Is there any chance we’ll be able to automate this transition on upgrade? Getting the word out to every single user that they need to run a script seems painful. And if we’re going to get everyone to run a migration script, is there any chance we can move the builder group to GID 330 at the same time so it stops showing up in System Settings?

I can try and test this in a VM someday soon.

abathur commented 2 weeks ago

Is there any chance we’ll be able to automate this transition on upgrade? Getting the word out to every single user that they need to run a script seems painful.

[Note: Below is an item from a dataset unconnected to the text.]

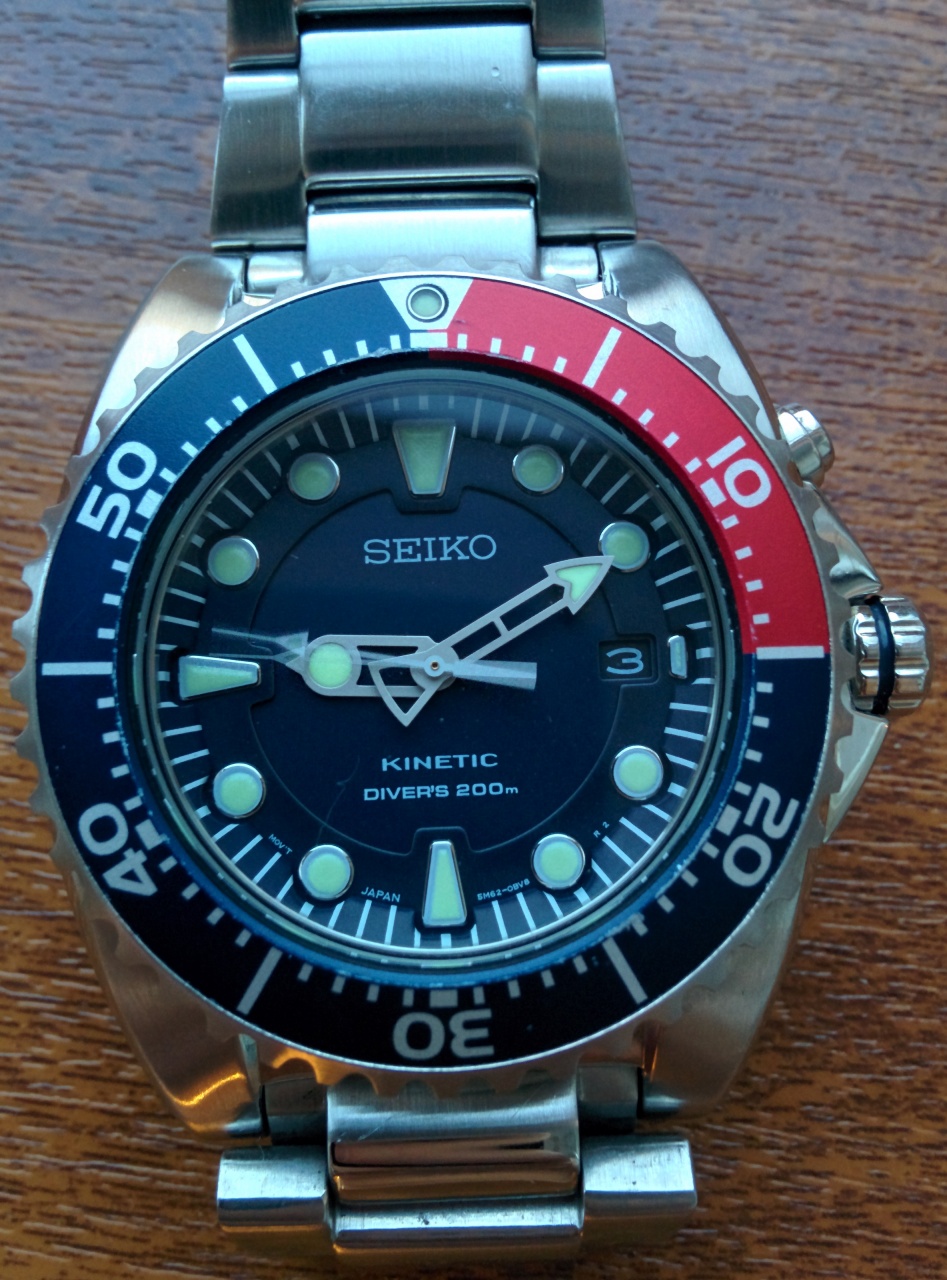 Продаю брутальный кинетический дайвер Seiko SKA369P1 Pepsi. Часы покупались год назад новыми у уважаемого форумчанина. Есть маленькие царапины на браслете и на безеле, ничего критичного (видно на фото), стекло без царапин. Полный комплект + оригинальный каучуковый ремешок (новый) и дешевенький нато. Вообщем, полный набор на лето! К часам никаких нареканий, продаю по причине покупки Сумо синеньких

That's a Nix-nix question, I guess. I'm not personally aware of any mechanism for running a stateful script when people update Nix and don't see one on nix upgrade-nix --help (not that this would help people not using the new CLI or who only update their nix via nixos/hm/nix-darwin). We'd probably need to build some user migration logic into the daemon (and it would still only help you if people updated to the new Nix and ran that daemon before they updated to Sequoia).

if we’re going to get everyone to run a migration script, is there any chance we can move the builder group to GID 330 at the same time so it stops showing up in System Settings?

I've wondered why people were mentioning the GID, since we haven't needed to change it previously. (I assumed people were just conflating the 30000 GID we set with the 301 I gather the detsys installer sets?)

I'm less sure about migrating it. Inevitably we can change it, but I don't know if doing so will "break" the existing groups. (If it did, we might have to rework the script a little to just remove the users + group and re-add them all?)

caldwell commented 2 weeks ago

Is there a reason that every nix install needs the same UIDs for these users? Furthermore, is there a reason they need to be consecutive? Does the main nix builder code deal with the UIDs directly or look them up from the names?

It appears from the user reported error in #10912 that it uses the names, in which case the installer would be free to pick whatever UIDs happen to be free on a given OS install when creating them… That would be a simpler solution for the install/upgrade script and it would work everywhere. Trying to pick a empty span is only ever guaranteed to work on a fresh OS install—there's always going to be somebody out there who's got a user in that range created by hand or by some other software.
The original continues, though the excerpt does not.